Container image templates
There are four container image templates provided: JupyterLab, R-IDE, Visual Studio Code, and Xpra. The image templates install a very limited number of packages when the Studio session container is built. You can install additional packages as needed during a Studio session.
The image template tag includes the version of the analysis application, an optional incompatibility flag, and the Seqera Connect version. Connect is the proprietary Seqera web server client that manages communication with the container. The tag string looks like this:
<tool_version>-[u<update_version>]-<connect_version>
- <tool_version>: Third-party analysis application that follows its own semantic versioning- <major>.<minor>.<patch>, such as- 4.2.5for JupyterLab.
- <update_version>: Optional analysis application update version, such as- u1, for instances where a backwards incompatible change is introduced.

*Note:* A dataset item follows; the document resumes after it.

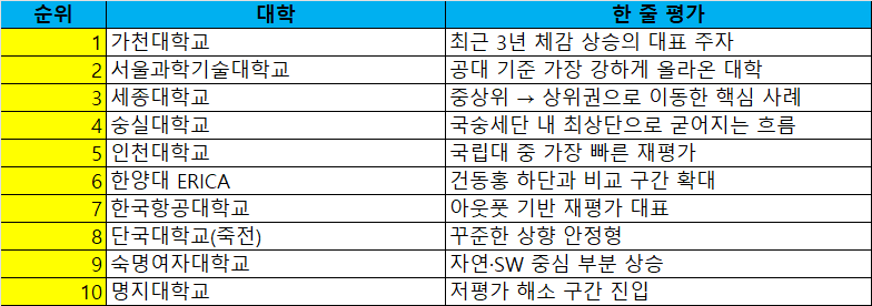 ✔ 지금 오르는 대학 → 전략적으로 활용

- <connect_version>: Seqera Connect client version, such as- 0.7or- 0.7.0.
Additionally, the Seqera Connect client version string has the format:
<major>.<minor>.<patch>
- <major>: Signifies major version changes in the underlying Seqera Connect client.

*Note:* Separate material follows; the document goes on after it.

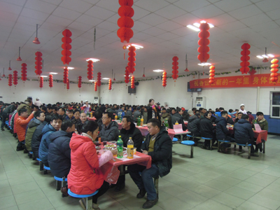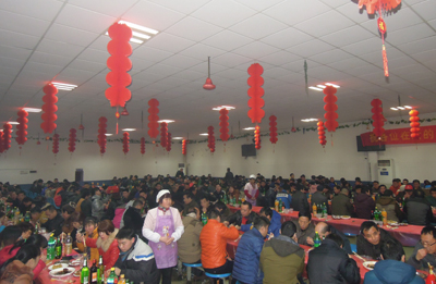 春節(jié)前夕,集團(tuán)公司行政、工會(huì)組織各事業(yè)部分工會(huì)對(duì)全體員工進(jìn)行摸底調(diào)查,最終確定留守杭州過年的有500多名外地單身員工,為了讓他們?cè)诤贾葸^一個(gè)歡樂、溫暖、祥和的新春,公司與往年一樣,為他們舉辦“同吃年夜飯,歡度除夕夜”活動(dòng)。為此,公司還在食堂掛起了大紅燈籠、彩帶等,增加了節(jié)日的喜慶氣氛。

- <minor>: Signifies breaking changes in the underlying Seqera Connect client.
- <patch>: Signifies patch (non-breaking) changes in the underlying Seqera Connect client.
When pushed to the container registry, an image template is tagged with the following tags:
- <tool_version>-<major>.<minor>, such as- 4.2.3-0.7. When adding a new container template image this is the tag displayed in Seqera Platform.
- <tool_version>-<major>.<minor>.<patch>, such as- 4.2.3-0.7.1.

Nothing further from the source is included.